■ Aim of the exercise: From the first line of the records below, transcribe each line exactly up to and including the one with "Ensemble de lingerie"; pictures stay out.

Collected data:
━━━━━━━━━━━━━━━━━━━━━━━━━━━━━━

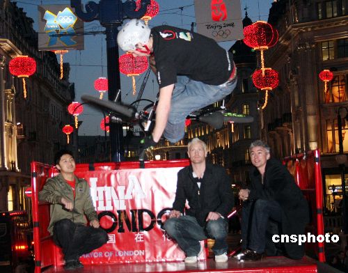 當(dāng)?shù)貢r(shí)間6日晚,田亮和兩名英國(guó)前世界冠軍——三級(jí)跳遠(yuǎn)選手喬納森·愛德華茲和四百米運(yùn)動(dòng)員伊萬·托馬斯共同在倫敦市中心啟動(dòng)了高懸在牛津街上的大紅燈籠,“中國(guó)在倫敦二00八”系列中國(guó)新年慶祝就此開幕,圖為田亮(左一)、愛德華茲(右一)和托馬斯(中)在觀看小輪車選手的高空特技表演。中新社發(fā) 李鵬 攝
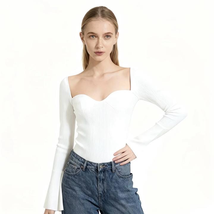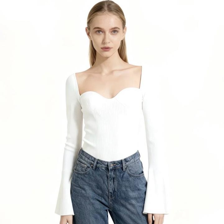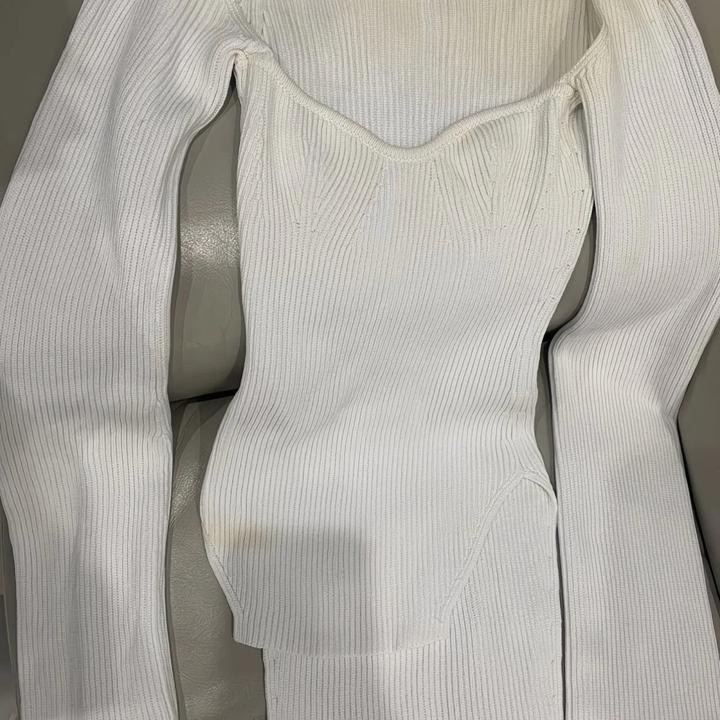 Нежная белая кофта с открытыми плечами 🤍 Идеально подчеркивает фигуру, смотрится очень женственно и аккуратно. Артикул: 595352
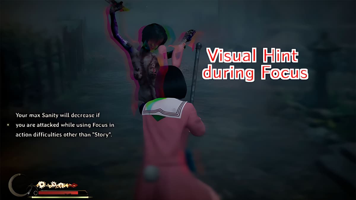 Когда зажимаешь Фокус (L2/LT/CTRL), полоса Рассудка (та самая — из цветков внизу слева) начинает таять. На сложностях выше «Истории» любое попадание во время Фокуса режет Рассудок. Заполнил шкалу — жми R1/RB/ЛКМ и делай Фокус‑атаку. Вид атаки зависит от оружия в руках. На всех сложностях, кроме «Истории», Вера лечит Рассудок — не жадничай, если шкала просела.
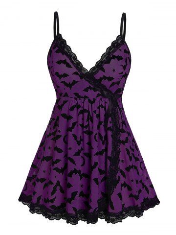 Ensemble de lingerie grande taille en maille avec bordure en dentelle et imprimé étoiles, chauve-souris et lune (bandoulière réglable) - Concorde - 2x | Us 18-20
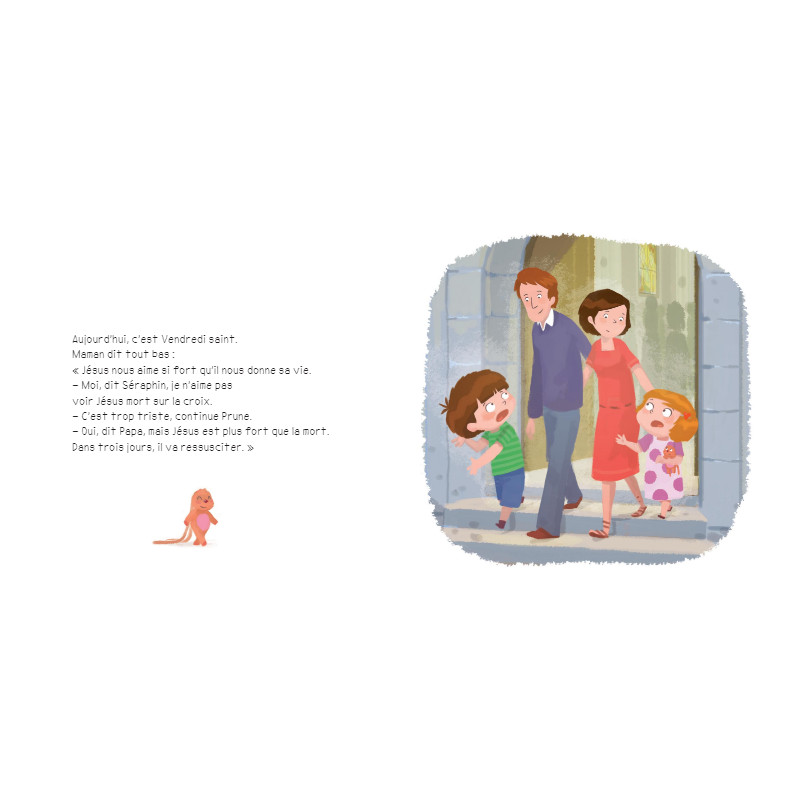 Prune et Seraphin fêtent Pâques" - Edition Mame.Le livre "Prune et Seraphin fêtent Pâques", raconte les aventures de deux petits héros chrétiens droles et amusants. Les histoires mettent en scène tout ce que les parents et la famille souhaitent transmettre aux enfants. Le livre "Prune et Seraphin fêtent Pâques" est un petit livre idéal pour initier les jeunes enfants à l'éveil à la foi.C'est bientôt Pâques. Prune et Séraphin vont à la veillée pascale. Le Dimanche matin, les cloches sont passées! Jésus est réssuscité... Alléluia ! "Prune et Seraphin vfêtent Pâques" est une nouveauté de la collection "Prune et Séraphine" qui comporte également 8 autres titres, disponibles sur notre site.
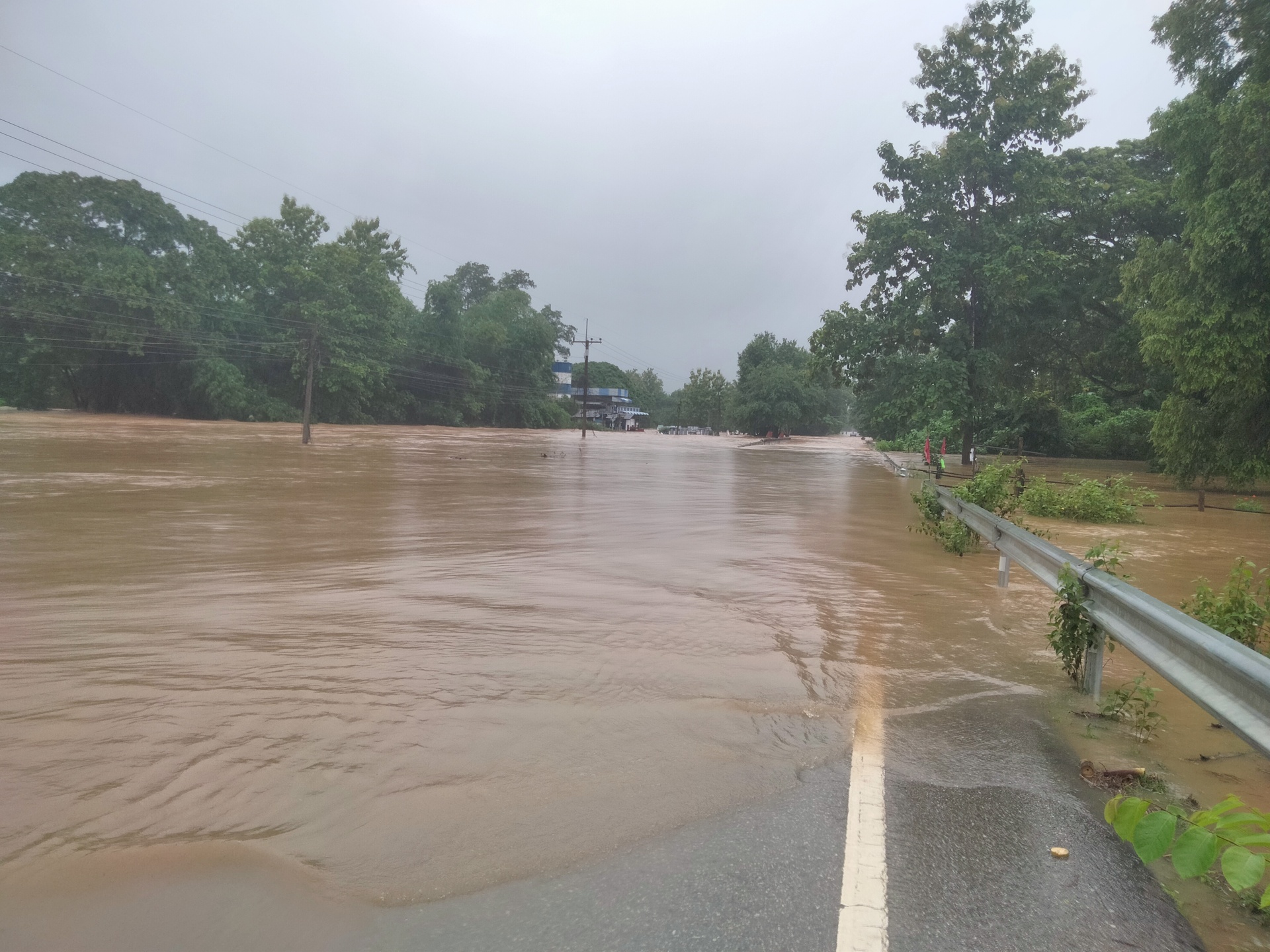 เนื่องจากมีฝนตกหนัก ทำให้มีน้ำท่วมขังทางหมายเลขทางหลวง 106

━━━━━━━━━━━━━━━━━━━━━━━━━━━━━━

■ Answer box:
 當(dāng)?shù)貢r(shí)間6日晚,田亮和兩名英國(guó)前世界冠軍——三級(jí)跳遠(yuǎn)選手喬納森·愛德華茲和四百米運(yùn)動(dòng)員伊萬·托馬斯共同在倫敦市中心啟動(dòng)了高懸在牛津街上的大紅燈籠,“中國(guó)在倫敦二00八”系列中國(guó)新年慶祝就此開幕,圖為田亮(左一)、愛德華茲(右一)和托馬斯(中)在觀看小輪車選手的高空特技表演。中新社發(fā) 李鵬 攝
 Нежная белая кофта с открытыми плечами 🤍 Идеально подчеркивает фигуру, смотрится очень женственно и аккуратно. Артикул: 595352
 Когда зажимаешь Фокус (L2/LT/CTRL), полоса Рассудка (та самая — из цветков внизу слева) начинает таять. На сложностях выше «Истории» любое попадание во время Фокуса режет Рассудок. Заполнил шкалу — жми R1/RB/ЛКМ и делай Фокус‑атаку. Вид атаки зависит от оружия в руках. На всех сложностях, кроме «Истории», Вера лечит Рассудок — не жадничай, если шкала просела.
 Ensemble de lingerie grande taille en maille avec bordure en dentelle et imprimé étoiles, chauve-souris et lune (bandoulière réglable) - Concorde - 2x | Us 18-20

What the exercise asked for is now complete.